George Ashford L, Panicker Prasanth, Johny Joseph, Bhaskar Manoj, Jacob Basil M, Zulthana H H Hasli
Department of Oral and Maxillofacial Surgery, Sree Anjaneya Institute of Dental Sciences, Calicut, Kerala, India.
Department of Oral Medicine & Radiology, Sree Anjaneya Institute of Dental Sciences, Calicut, Kerala, India.
J Pharm Bioallied Sci. 2020 Aug;12(Suppl 1):S367-S372. doi: 10.4103/jpbs.JPBS_107_20. Epub 2020 Aug 28.
The purpose of the study was to assess the precision of cone beam computed tomography (CBCT) in comparison with panoramic radiography in determining the anatomical relationship of inferior alveolar nerve (IAN) with the impacted mandibular third molar.
Twenty patients diagnosed with the following panoramic radiographic markers: darkening of the root, interruption of white line of mandibular canal, diversion of mandibular canal, and narrowing of the roots suggesting a close relationship of roots with the mandibular canal were selected and underwent an additional CBCT to assess the proximity of IAN to mandibular third molar roots. All patients were assessed for loss of sensation or neurosensory deficit in the chin and lower lip during postoperative period by objective and subjective methods.

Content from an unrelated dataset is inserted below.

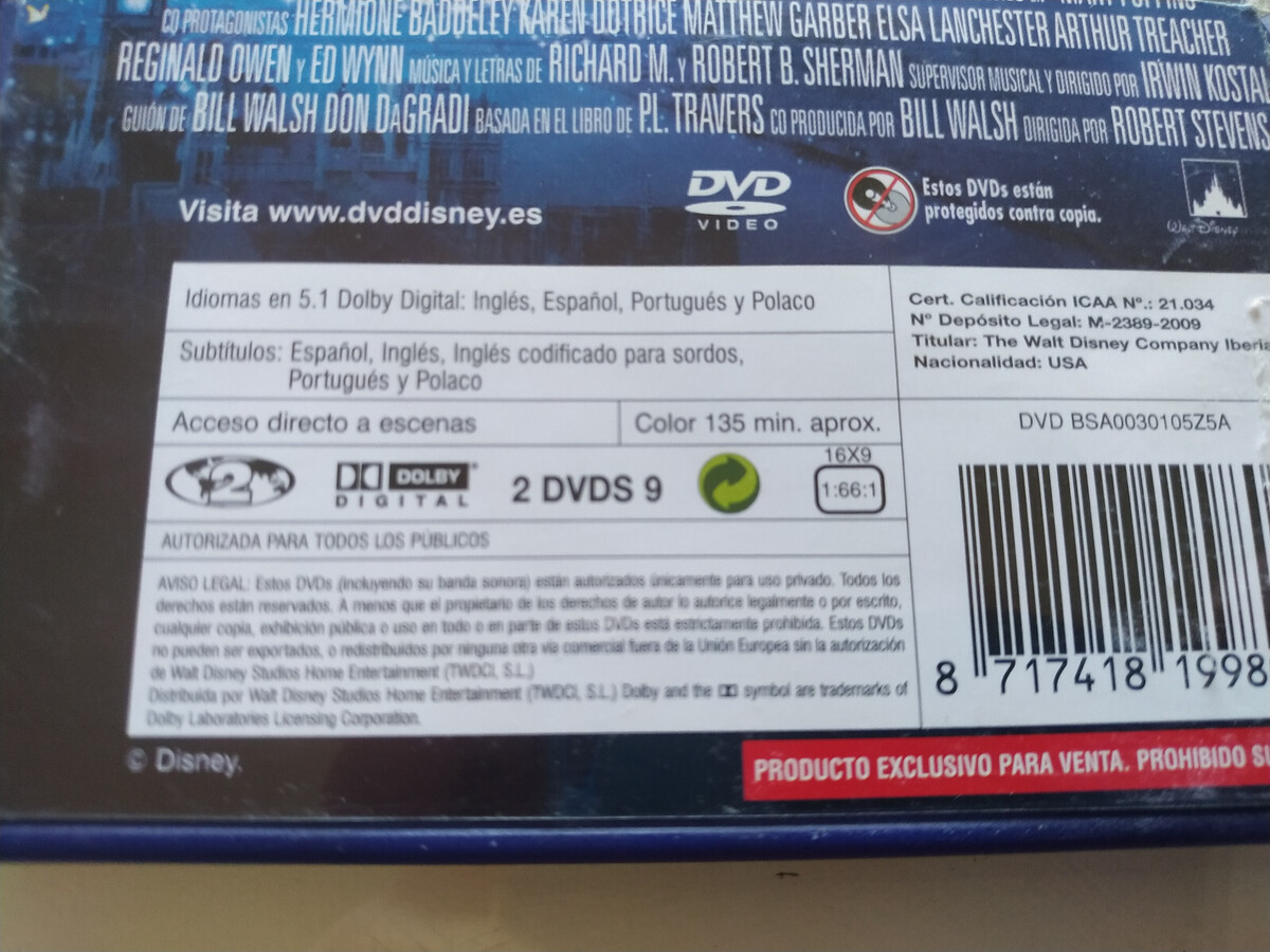 Mary Poppins WALT DISNEY Julie Andrews - 2 x DVD Spanish English Region 2 AM

Twenty patients with an average age of 25.4 years (21-39 years) with 21 impacted mandibular third molars were included in this sample. It was found that after the removal of impacted third molars, IAN was not visible in any of the cases and postoperative objective and subjective neurosensory tests showed no signs of neurosensory disturbances.

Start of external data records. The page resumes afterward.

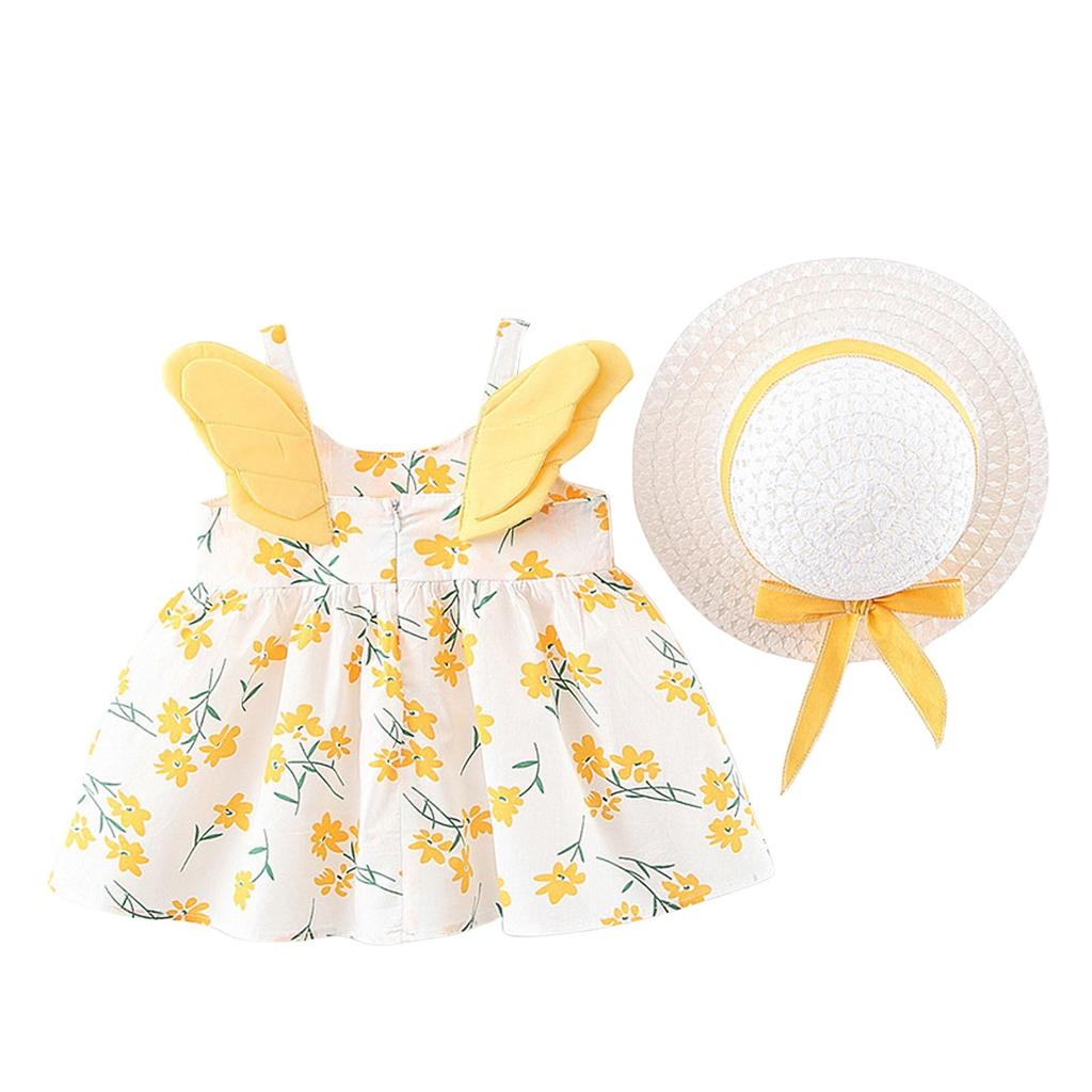 Летний комплект для девочек без рукавов с милым принтом принцессы в платье и шляпе
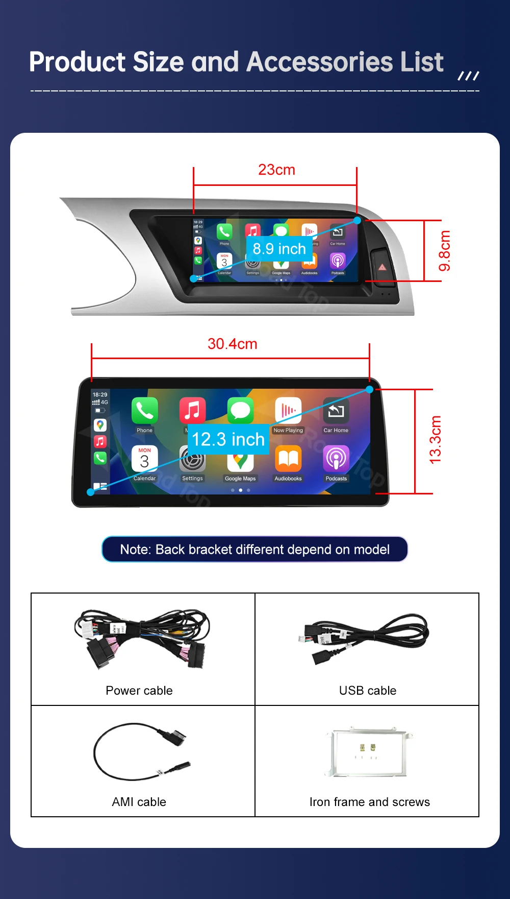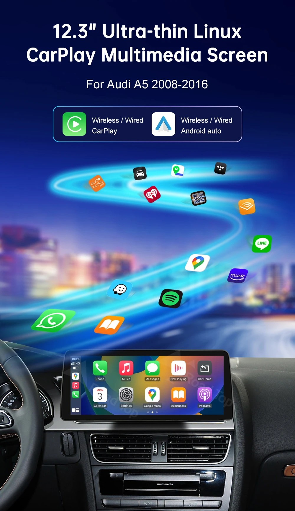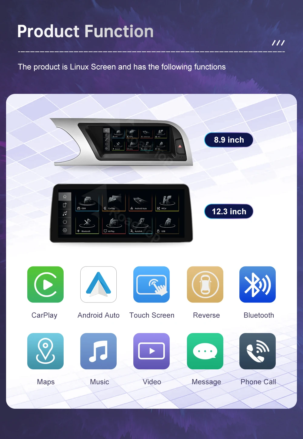 8.8inch 12.3inchCar Multimedia Touch Screen For Audi A5 2008-2016 with Wireless CarPlay Android Auto Airplay Functions
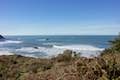 The ocean vista is 0.35 miles from the junction at the south end of Yurok Loop. It is another tenth of a mile down to the junction at the north end of the loop. Leaving the viewpoint, the trail descends away from the ocean, offering views north up False Klamath Cove. The trail slips back into dense forest one last time before returning to the junction at the top of the loop.

The study found that CBCT had limited usefulness in neurovascular bundle exposure prediction, prior to surgical removal of impacted mandibular third molars. The accuracy of radiographic markers in conventional panoramic radiography to predict neurovascular exposure was also limited.
本研究的目的是评估锥形束计算机断层扫描(CBCT)与全景放射摄影相比,在确定下牙槽神经(IAN)与下颌阻生第三磨牙的解剖关系方面的准确性。

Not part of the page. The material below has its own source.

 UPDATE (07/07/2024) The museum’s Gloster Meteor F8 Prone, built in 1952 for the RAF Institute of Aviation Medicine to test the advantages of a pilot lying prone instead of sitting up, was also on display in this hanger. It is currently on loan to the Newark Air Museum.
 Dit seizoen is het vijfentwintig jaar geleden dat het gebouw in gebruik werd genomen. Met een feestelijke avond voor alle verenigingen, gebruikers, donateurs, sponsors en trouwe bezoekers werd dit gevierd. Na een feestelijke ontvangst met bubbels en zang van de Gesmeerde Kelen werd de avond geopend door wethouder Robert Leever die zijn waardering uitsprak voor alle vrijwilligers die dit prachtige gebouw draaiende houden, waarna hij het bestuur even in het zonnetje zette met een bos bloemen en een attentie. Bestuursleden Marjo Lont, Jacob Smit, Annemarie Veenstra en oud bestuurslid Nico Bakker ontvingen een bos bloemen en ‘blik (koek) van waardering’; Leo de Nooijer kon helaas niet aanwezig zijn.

选择20例诊断有以下全景放射学标志的患者:牙根变黑、下颌管白线中断、下颌管移位以及牙根变窄提示牙根与下颌管关系密切,并接受额外的CBCT检查以评估IAN与下颌第三磨牙牙根的接近程度。通过客观和主观方法对所有患者术后下巴和下唇的感觉丧失或神经感觉缺陷进行评估。
本样本纳入了20例平均年龄25.4岁(21 - 39岁)的患者,共21颗下颌阻生第三磨牙。结果发现,拔除阻生第三磨牙后,所有病例均未见到IAN,术后客观和主观神经感觉测试均未显示神经感觉障碍迹象。
该研究发现,在手术拔除下颌阻生第三磨牙之前,CBCT在预测神经血管束暴露方面作用有限。传统全景放射摄影中放射学标志预测神经血管暴露的准确性也有限。